I’ve always found the brain fascinating, so coupling that mystery together with weird psychic stuff and ghosts was a perfect mix. I also like that King took what would not normally be considered a scary place–the Florida Keys–and still managed to make it scary. The main character isn’t immediately likeable, but he grows on you. King also makes excellent use of his trademark narrative voice and foreshadowing.
This is not an action-packed book, but there’s enough strangeness to keep the reader engaged. If you liked Dead Zone or Insomnia or even Pet Cemetery, you’ll enjoy this one.
Title: Game of Thrones
Author: George R. R. Martin
Series: A Song of Ice and Fire (#1)
Rating: 4 out of 5 stars
Okay, so I finally did it. After far too many fellow fantasy readers and friends cajoling and pestering me, I finally opened up the first book in GRRM’s monster series, “A Game of Thrones,” and began reading it. “It’s so great!” they said. “Don’t grow attached to any of the characters!” they said.
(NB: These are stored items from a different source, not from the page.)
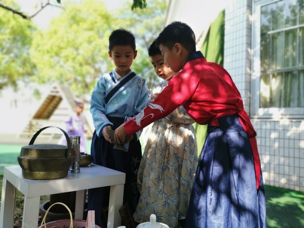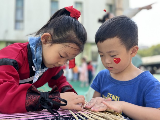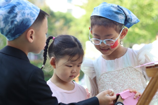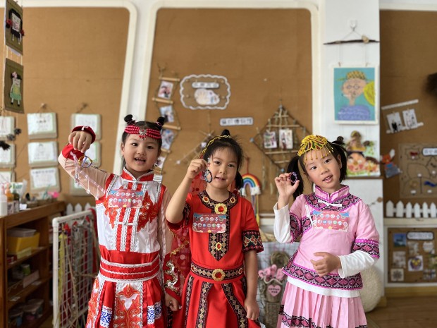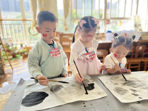在祖国妈妈生日来临之际,在节日氛围的渲染下,大班的孩子开启了“回溯名族历史,寻觅中华经典”之旅。水墨江南,绘一副卷轴画感受水墨晕染之美;古韵扎染,选一容器发现扎染与图案间的艺术关系;醉美汉服,着一身汉服展一场T台秀;中华盛饰,梳妆打扮后在集市舞台翩翩起舞……户外场地上“蹴鞠”、“投壶”等传统游戏龙娃们也尽情体验。热闹的幼儿园,多元的游戏场,快乐的龙幼娃!孩子们在游戏中探秘强国制造,在活动中感悟华夏智慧,在拓展中体味民族团结。
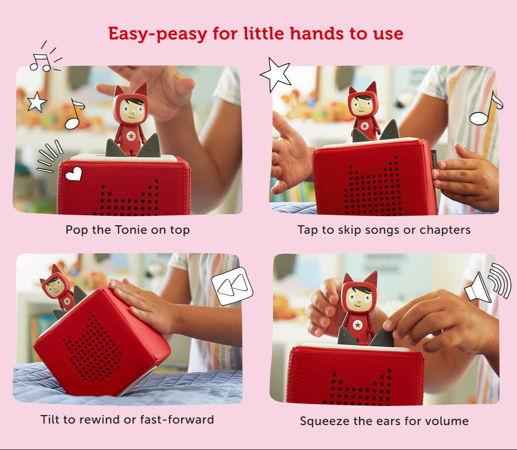 Your little one can be transported into their own adventure with their Tonies character. Each figure magnetically attaches to the Toniebox allowing them to independently choose and switch between a variety of audio adventures.
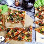 - Add on top mushrooms, bacon slices, bell peppers, onions and black olives.
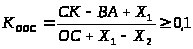 Коэффициент обеспеченности оборотных средств собственными оборотными средствами (К>оос>≥0,1)

My reaction? Meh. It’s okay. Just okay.
The writing quality overall is good. I can’t find any fault with GRRM on that, and that’s why I gave the book four stars. And so far I like the world that he’s built. But the characters…yeah, I’m not feeling them. Which I guess is just as well.
I think there was only one character that I felt much of anything for, and I’ll keep in mind that this writer likes to kill off his characters. I think GRRM may have shot himself in the foot on that one. It’s one thing to kill off a lot of characters (like Stephen King, for example). But even horror writers know when to keep certain ones alive in order to keep their fans loyal. GRRM has made such a reputation now of being a ruthless killer that I think it puts off a lot of readers from even picking up one of his books. I know it did me, and I’m still not convinced I want to read Book 2. I don’t get what the fuss is about, and at the moment, I think I might enjoy the HBO series more. At least then I can ogle Sean Bean.
As far as the plot itself . . . this is where it felt more like same old same old fantasy. I see the potential with the dragons and the wild things and winter coming, but it felt like it was taking forever for things to get going. Maybe just me? It very well could be the classic issue that books with large casts spread over the world struggle with, as readers of Robert Jordan would know. At least in this case, I saw subplots being wrapped up before the end of the book, leaving only the larger arcs to be dealt with in later books. This to me was a strength.
So now I’m left with the question. Should I actually take time to read the next book? It’s like you have to take a serious commitment to these things at over 1000 pages apiece. I’m not sure I’m feeling that dedicated.
For now, I’ll probably move on to other projects. And maybe I’ll check out an episode on HBO Go or something.